Instructor: 00:00 A wonderful property of stateful computations is that they can be composed like any other function. To see how we can use familiar function composition to represent our flows, we'll start by getting to know this compute function.
00:13 Compute is defined as a function that takes a number and returns a state number of number. We take this number N and lift it into a state, using this of construction helper, and then proceed to chain our various stateful interactions over our lifted value.
00:28 For our first interaction, we have this add-state function, which takes a number and returns a state number of number. Next up is ink state, which also takes a number to a state number of number.
00:42 Finally, we have multiply state, whose SIG-y is, you guessed it, a number to a state number of number. Let's log this out to see what compute is doing for us.
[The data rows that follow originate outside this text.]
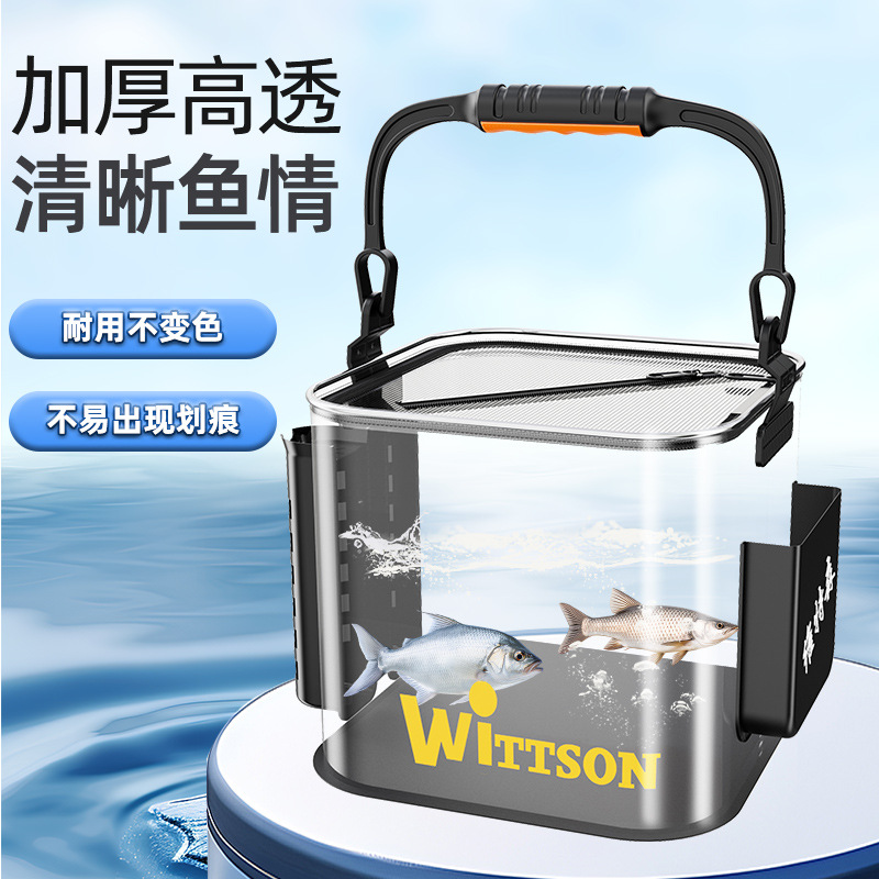 고품질 양동이 낚시 Luya 야생 낚시 접이식 휴대용 물고기 보호 버킷 야외 물고기 상자 투명한 살아있는 물고기 양동이
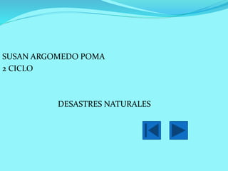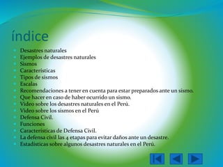 Este documento trata sobre desastres naturales, en particular terremotos. Explica qué son los desastres naturales y da ejemplos como terremotos y tsunamis. Luego describe las características de los terremotos incluyendo el foco, epicentro y tipos de movimiento sísmico. También cubre escalas para medir la magnitud de terremotos, recomendaciones ante terremotos, y las funciones de defensa civil para prepararse y responder a desastres.
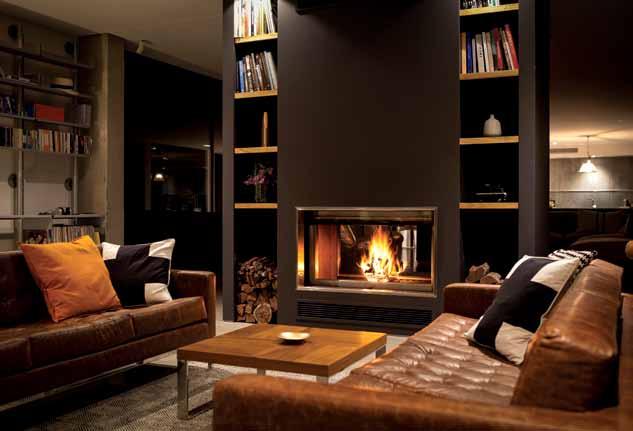 double-sided fireplace from The Heat Shop. Modric 2505 door hardware from Allgoods (UK). Siemens and Smeg kitchen appliances. Westinghouse refrigerator. Kado Lux WCs and white stone Hox basins from Reece. Sussex Pol tapware and Sussex Monsoon outdoor shower, also from Reece.
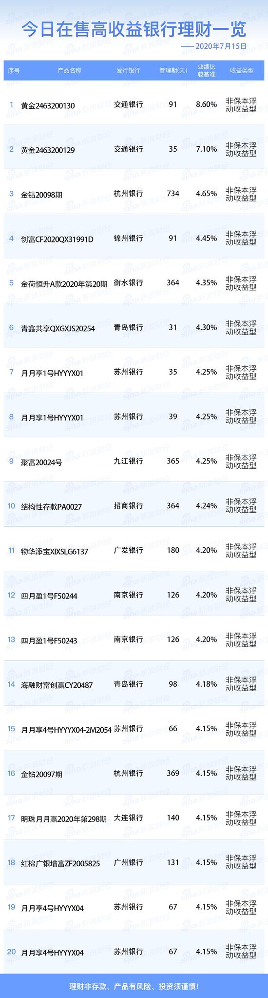 7月15日在售高收益银行理财产品:今日业绩比较基准在8.0%及以上的银行人民币理财产品共1款。交通银行(4.960, -0.07, -1.39%)的“黄金2463200130”业绩比较基准最高,为8.60%。
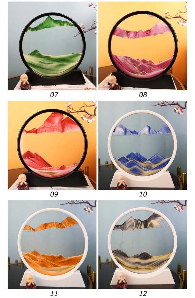 砂絵 サンドピクチャー 7inch 透明 円型 サンドピクチャー 砂のアート 砂時計 サンドアート 流砂絵 流れる おしゃれ インテリア 置き型 置物 置き物 癒し ギフト 飾り グラデーション モダン 砂絵 プレゼント
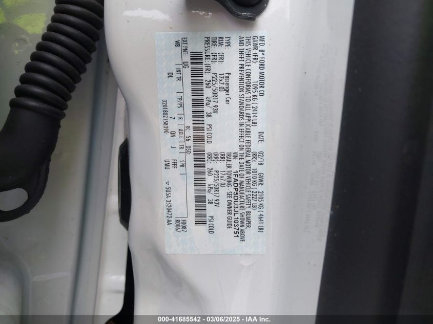 Цвет БелыйЦилиндры 4Привод Передний приводVIN 1FADP5DU3JL******Состояние НеизвестноПовреждения Передняя правая AutoRIA
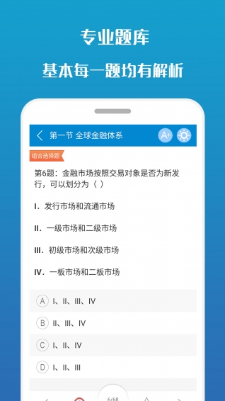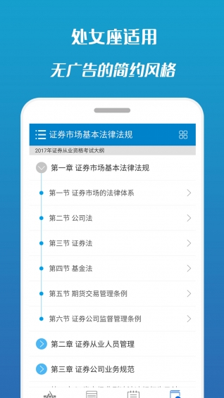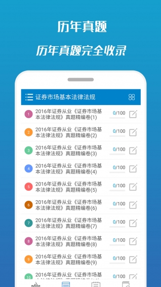 2017证券从业考试app是一款用于证券从业资格考试的学习软件。包含《金融市场基础知识》和《证券市场基本法律法规》两门考试科目的练习题目。【软件特色】
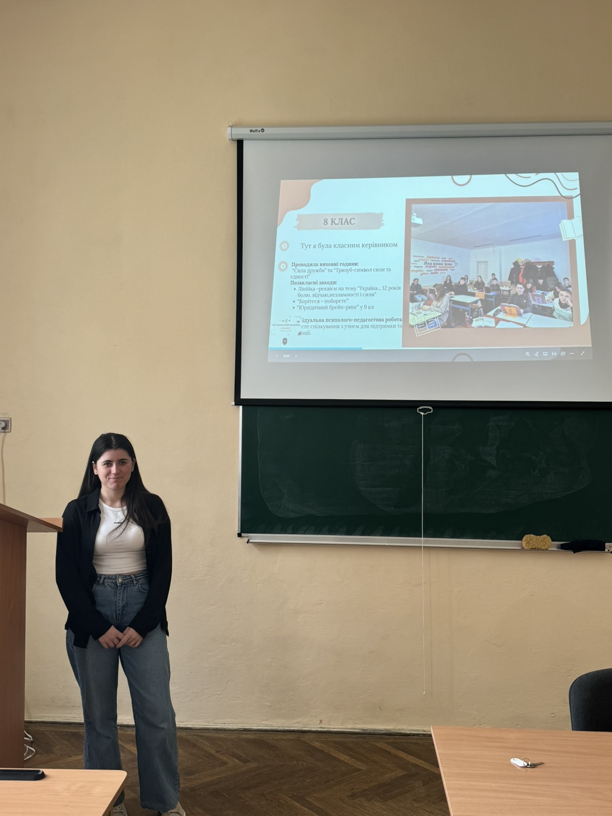 Під час захисту педагогічної практики студенти відзначили, що провели цікаві та змістовні виховні й позакласні заходи, зокрема «День Героїв небесної сотні»; « Україна… 12 років болю, відчаю, незламності…»; «Ангели Майдану»; «Тризуб – символ сили та єдності»; «День єднання»; «День Дружби»; «Фестиваль англійської музики»; «Стоп-булінг»; «Марафон від Лесі до Тараса», «Крим – невід’ємна частина України: історія і право»; «Безпечний інтернет», тощо. Микола Мельник поділився досвідом проведення пізнавальної екскурсії у краєзнавчий музей «Верховина». Вікторія Йосипенко, Юля Васюнець розповіли про проведення у гімназії №10 м. Дрогобича волонтерського заходу «Маленька свічка – велике тепло». Варто зауважити, що студенти провели і профорієнтаційні заходи для учнів дев’ятих-одинадцятих класів.
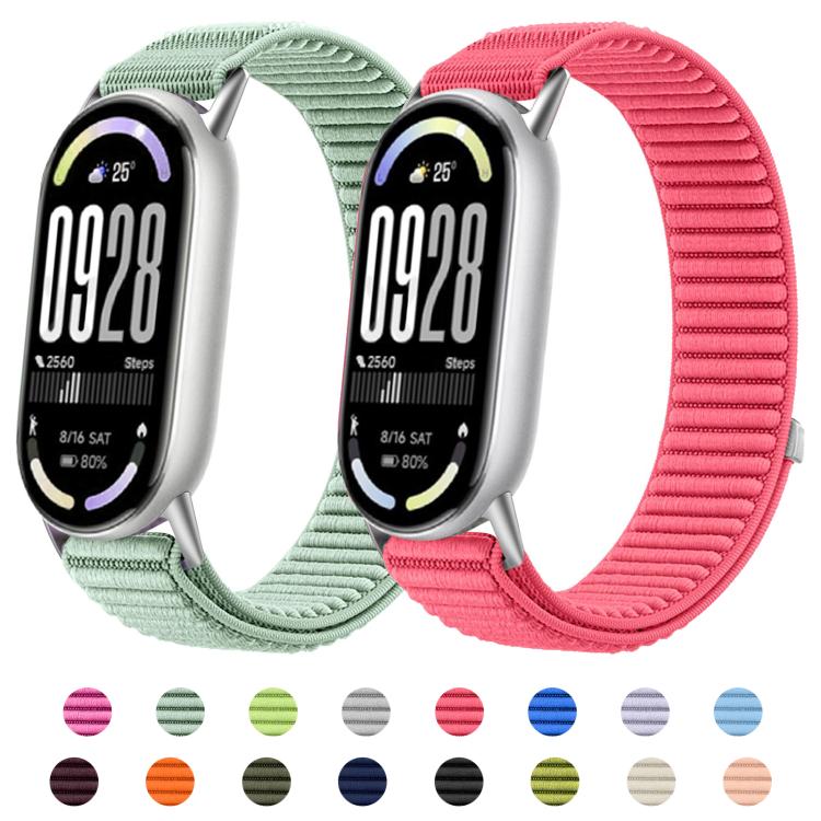 Correa de reloj de nailon tejido con cierre de velcro y interfaz metálica para Xiaomi Smart Band 10/9/8 (verde suave)
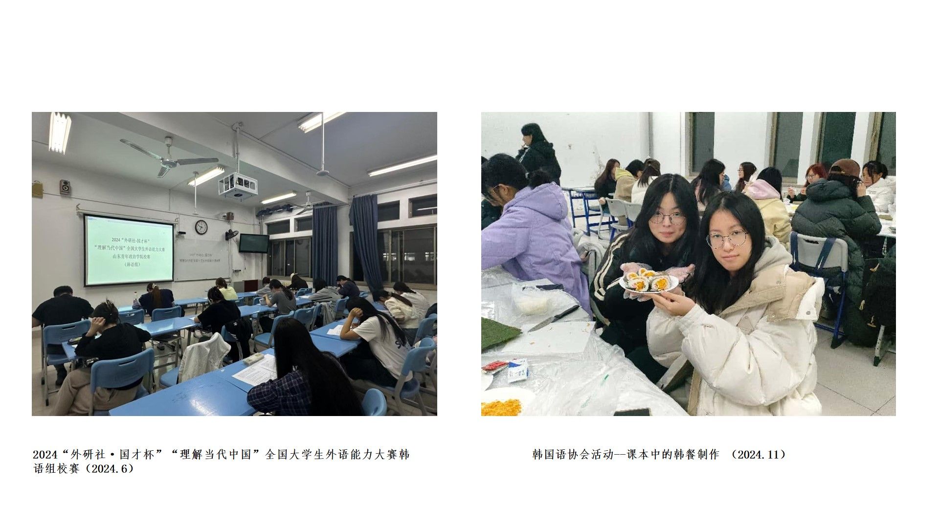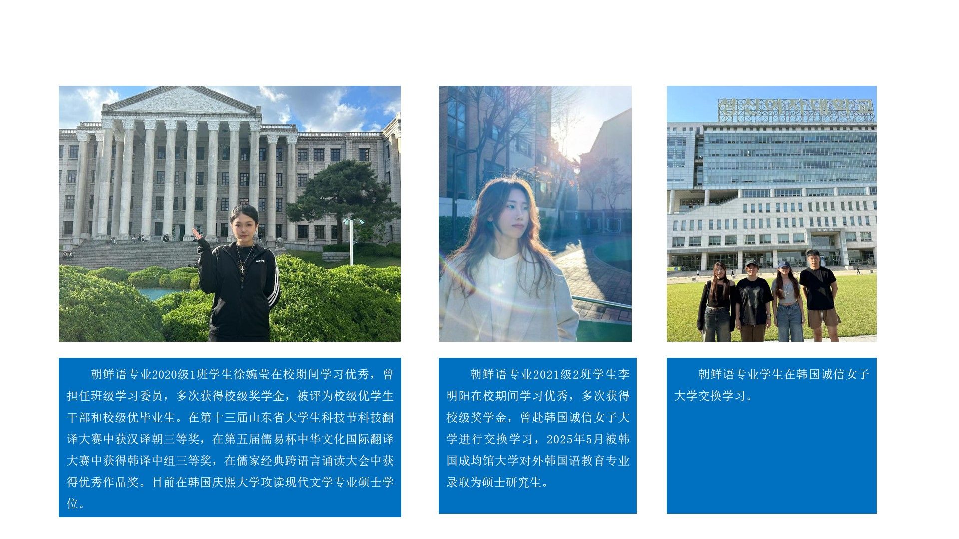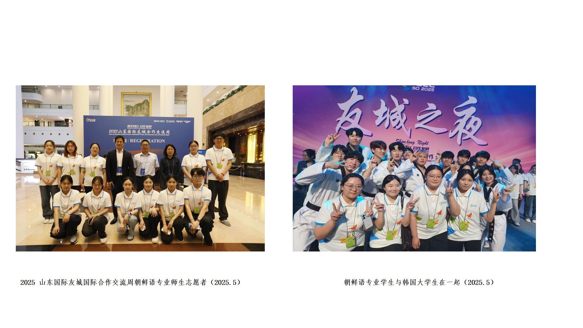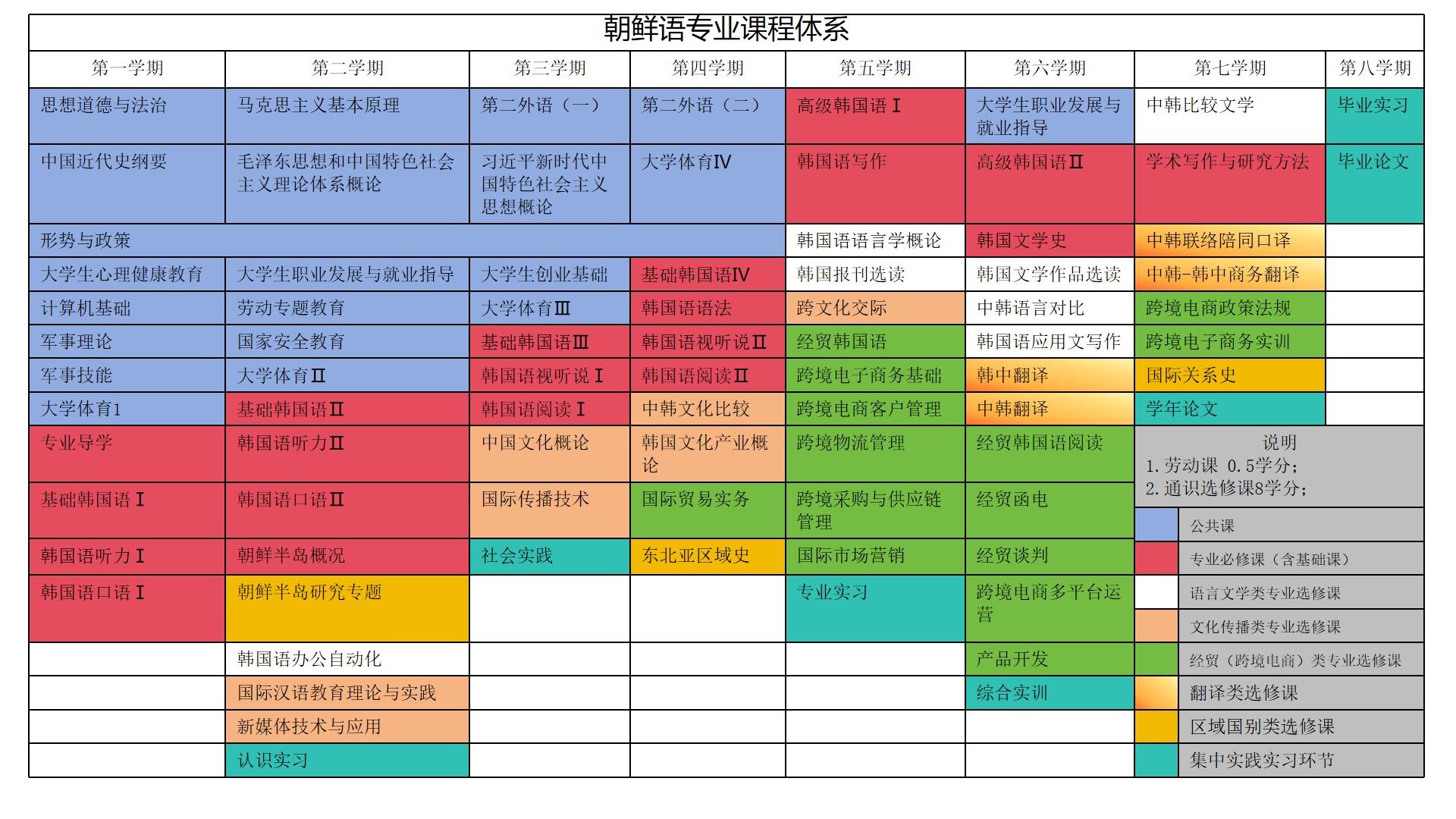 教师刘庆花(右)在韩国参加学术会议并发表论文 培养目标 本专业全面打造“朝鲜语+商务翻译”复合型人才培养模式,培养具有国际视野和人文素养,通晓国际规则,能够适应社会发展需要,服务地方经济,掌握扎实专业知识,具备综合竞争能力的国际化、多元化应用型朝鲜语人才。 专业必修主干课程 基础韩国语、韩国语写作、韩国语听力、韩国语口语、韩国语视听说、中韩翻译、韩中翻译、韩国文学史、韩国文学作品选读等。 专业选修主干课程 国际贸易实务、跨境电子商务基础、经贸韩国语、中韩-韩中商务翻译等。

00:53 We log the result of calling compute with the number 10 and we get back our expected state instance. When run with an initial state of 2, we get back a pair 36, 3.
01:05 Let's see if we can figure out how we got here. We start with some N, or 10 in our case, which is lifted into the resultant of our state instance. Then, we chain add state, which adds the resultant 10 to the state 2, giving us back a new state instance with 12 in the resultant.
01:22 We then chain in ink state, resulting in another state instance that increments our state of 2 by 1, resulting in a state of 3, while leaving our resultant untouched for a value of 12.
01:35 Finally, we wrap up this computation by chaining multiply state, which gives us back yet another instance. This time multiplying the resultant 12 by the state 3, giving us back our pair 36, 3.
01:48 One thing our keen eyes may have noticed is that including compute, every transaction we've defined has this signature number to a state number of number. The signature also shows up in our definition of chain.
02:01 Using a more generic form of A to a state S of B, we can represent this signature in an even more generic form, by replacing our state S with an M, resulting in a SIG-y that reads as an arrow from any A to a given M of B.
02:17 In this more generic form, this type of arrow is known as a Kleisli arrow, which is the namesake of a brilliant fellow by the name of Heinrich Kleisli.
02:26 One property of these types of functions is that they can be composed, but normal composition isn't going to work here. We need a specialized function in Compose-K, which we'll bring in from crocks.
02:38 Compose-K will compose any given Kleisli arrows together as long as our M's match up. To see how we can lean on composition for computation, we'll start with our first two functions, add state and ink state.
02:51 Let's combine them by creating a new function called add and ink. Using our familiar signature, we'll define add and ink as a function that takes a number to a state number of number, matching the same signature of the functions being composed.
03:06 Implementation is a breeze. We just call Compose-K, passing it our function, starting with a quick pluck and paste of ink state, as it needs to be called after our call to add state, which we'll also pluck out of our old flow and paste into our composition.
03:22 After a little cleanup, we'll reuse one of the chains by dropping in our new composition. With a little save, we see we get back our pair 36, 3. Another beautiful property of this signature is that, much like a forklift, we can use these functions to lift our values for us, making this call to of obsolete, with a little rearrangement.
03:43 We just take our given N and apply it to our new composition. Give it a save, and we still get back our pair 36, 3.
03:53 Why stop there? As multiply state is chained, we can get a little cute for a second and turn the rest of this into another composition. We just use Compose-K again, arranging it so that multiply state is called after our first composition, add an ink.
04:09 We get rid of all these nasties at the bottom and remove the arrow, as Compose-K will provide us with all the function we'll need. With a quick save, we see we still get back our pair 36, 3. Simply beautiful.